Ainsi, la Cour de cassation a précisé dans un arrêt du 31 mars 2016 que lorsqu’un salarié est licencié suite à son refus d’être muté en application de sa clause de mobilité, l’employeur peut lui imposer d’exécuter son préavis dans les conditions nouvellement prévues [6].

Le salarié est responsable de l’inexécution du préavis qu’il refuse d’exécuter aux nouvelles conditions et le prive des indemnités compensatrices de préavis et de congés payés afférents puisque sa mutation constituait un simple changement des conditions de travail.

III/ Le montant de l’indemnité versée par le salarié : élément essentiel de la validité de la clause de dédit-formation.

La clause de dédit-formation est la clause par laquelle l’employeur s’engage à financer une formation particulière à un salarié pour les besoins de ses fonctions. En contrepartie le salarié s’engage à rester au service de l’entreprise pendant un temps déterminé, et ce à peine de lui en rembourser le coût sous la forme du versement d’une indemnité forfaitaire de dédit.
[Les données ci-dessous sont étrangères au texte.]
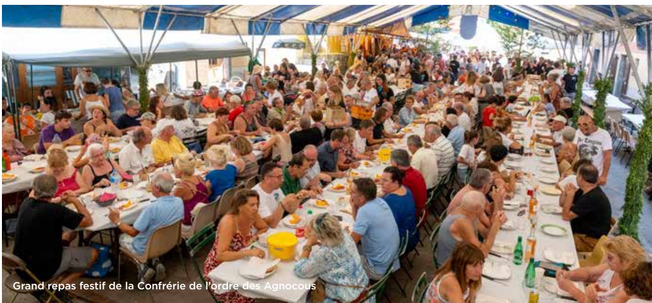
Grand repas festif de la Confrérie de l'ordre des Agnocous

La clause de dédit-formation doit respecter des conditions de validité et, lors de sa rédaction, doit comporter des éléments obligatoires pour être valable, notamment le montant du dédit remboursé par le salarié qui est rigoureusement contrôlé par la Cour de cassation.

La clause de dédit-formation doit être stipulée dans le contrat de travail avant l’engagement des actions de formation correspondantes [7]. Elle ne doit pas priver le salarié de la faculté de démissionner. En effet, le montant de la formation ne doit pas excéder le coût réel de la formation et la durée de l’engagement du salarié de rester au service de l’entreprise doit être courte.

Les frais de formation engagés par l’entreprise doivent être supérieurs aux dépenses de formation exigées par la loi ou la convention collective.

Le sommes recueillies par l’employeur au titre de l’application de la clause de dédit-formation doivent être intégralement affectées au financement d’actions de formation dans le cadre du plan de formation.

Dans sa rédaction, la clause doit contenir des éléments obligatoires pour être valable. A défaut, elle risque d’encourir la nullité.

L’employeur doit mentionner la date, la nature et la durée de la formation, le coût réel pour l’entreprise, la durée de l’engagement du salarié de rester au service de l’entreprise, ainsi que le montant de l’indemnité de dédit et modalités de remboursement à la charge du salarié qui ne respecterait pas la clause et quitterait l’entreprise avant l’échéance prévue.

Cette dernière stipulation est essentielle. L’entreprise doit être précise sur le montant de l’indemnité et les modalités de remboursement car la Cour de cassation veille au respect de cet élément.

D’après la Cour de cassation, l’employeur ne peut pas exiger le remboursement par le salarié, en cas de départ prématuré, des rémunérations versées pendant ses périodes de formation [8].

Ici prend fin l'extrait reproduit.